QuadReal manages 140-plus properties and more than 40 million square feet of gross leasable area. Even a measured rotation out of office CRE at that scale is a structural shift for the Metro Vancouver market, not a footnote.
The Contrarian Case, and Why the Timing Risk Is Real
A veteran commercial broker who has closed deals through the 1994 correction, the dot-com bust, and 2008 would push back on the doom framing: Vancouver has no significant new office delivery projected through 2027, and a development pipeline choked by construction costs. If even 30% of hybrid workers get called back full-time over the next two years and the tech sector stabilizes, effective vacancy could tighten faster than the 9.8% headline suggests. The pension funds selling now might be locking in losses at the wrong moment — the same way they were buying aggressively at the top in 2021.

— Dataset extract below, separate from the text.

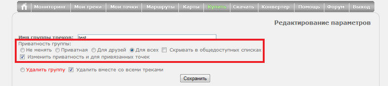 Изменить приватность и для привязанных точек - активируйте настройку и вместе с треком изменится приватность все привязанных к нему точек.

That argument has merit on the supply side. It has less merit on the write-down side. The open question BCI's 2025 Annual Report will need to answer is whether QuadReal's BC office holdings have been written down to levels that reflect actual transaction comps, or whether the appraisal cycle is still running behind reality. The Bank of Canada and the IMF have both flagged this lag explicitly. If the answer is the latter, the pain isn't behind BCI — it's still ahead of it.
The $115-million sale of the Tilbury Distribution Centre in Delta to Prologis in March 2025 — one of Greater Vancouver's top CRE transactions of the year, per RENX — illustrates where institutional appetite actually is: industrial and logistics, not office. The capital is moving. The question is how much of the office book gets repriced before it does.